陵雲淵擡頭去看說話的人,戶部侍郎林嘯,眯了眯眼,不說話,林嘯嘴角揚起一抹詭譎,卻是不動聲色地提議道:“還是六皇子有孝心,你看七皇子這麼冷血,先是刺殺了皇上,如今竟然皇上甍了之後一滴眼淚都沒有掉,足見他的動機。

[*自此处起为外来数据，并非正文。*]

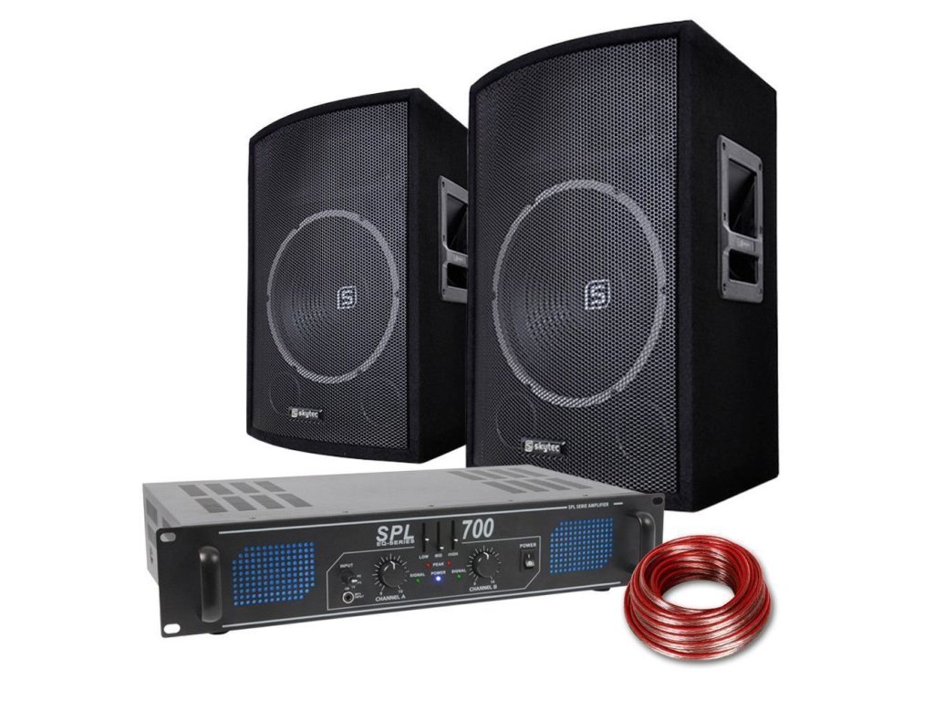Výhodný set 2 reproduktorov Vonyx SL12 Disco speaker 12" 600W, zosilňovača Skytec SPL 700 2x350W a reproduktorového kábla Power Dynamics RX32 10m.
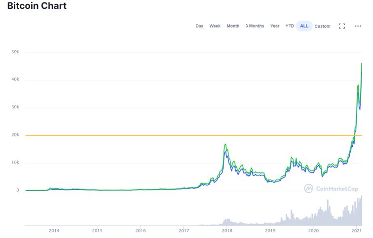 Počas štvrtkového obchodovania sa cena pohybovala podľa coinmarketcap.com o niečo nižšie, nad hranicou 46-tisíc USD. Podľa šéfa kryptomenovej burzy v Singapure, Luno Vijay Ayyar má Bitcoin obrovský potenciál, pretože je pravdepodobné, že po vzore PayPal a Tesly ho budú využívať aj ďalšie firmy. Môžeme teda očakávať, že jeho nákup alebo využitie v podobe platidla postupne oznámia aj iní veľkí hráči na trhu, čo by podporilo ďalšiu býčiu rally a dosahovanie nových maxím.
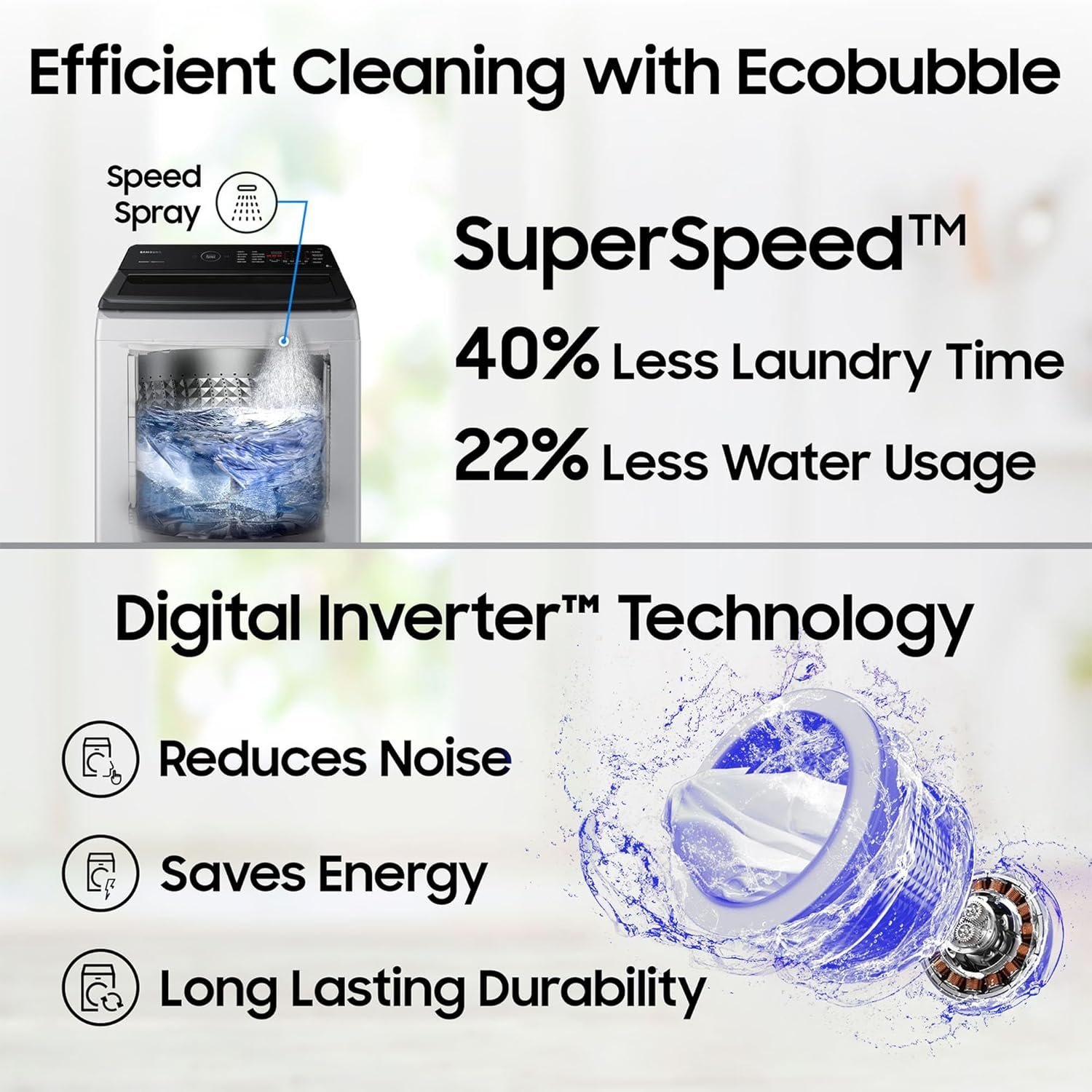Wash Programs: 11 Wash Programs – Quick Wash Aqua Preserve Baby Care Bedding Delicates Eco Tub Clean Energy Saving Jeans Normal Rinse + Spin Bubble Storm Intensive Wash Super Speed Power Tub Clean Delay End

”
林嘯說完,轉身,對着也傻了眼的蘇沐顏,道:“皇后娘娘,目前最重要的事,除了皇上的喪事,就是儲君之位,畢竟,國不可一日無君,這件事可就要皇后您好好想想了啊……老臣覺得,六皇子大孝,又難得靈力天分在極爲皇子裡較好,老臣推選六皇子,希望皇后採納老臣的意見。”
其餘的人則是閉口不言,他們總覺得這件事太過蹊蹺,可他們的的確確親眼看到了七皇子殺了皇上,這件事……恐怕還是少說少錯。
“本王……也覺得六皇子極爲合適。”
突然,一道清潤溫雅的聲音從衆人身後傳來,衆人齊齊看過去,發驚訝的發現,竟是失蹤幾日的端王。
陵慕端一襲白袍,款款而來,一張俊臉卻是泛白,到了衆人面前,微微頜首,視線一轉,落在陵雲淵身上,眉眼流轉間,染上一抹哀傷,“淵兒,幾日不見了。”
陵雲淵攥着蘇岑的手一緊,蘇岑緊緊挨着他,視線落在陵慕端身上,眸色也冷了下來。
陵慕端掃見蘇岑眼底的冷意,卻並未在乎,輕嘆一聲,彷彿是說給陵雲淵聽,亦或者是說給衆人聽,“淵兒,三皇叔待你不薄,你爲何……在百丈峰要把三皇叔推下懸崖,還讓一個替身僞裝成我,如果不是順流而下,被一個漁夫所救,三皇叔恐怕早已不在人世。”
衆人驚愕地齊齊看向陵雲淵。
如果說陵雲淵刺殺陵帝他們還懷有疑慮的話,那麼端王的話,他們卻是信了三分,畢竟端王是如此風華的人物,還是神醫,他們敬仰還來不及,怎麼會懷疑他的話?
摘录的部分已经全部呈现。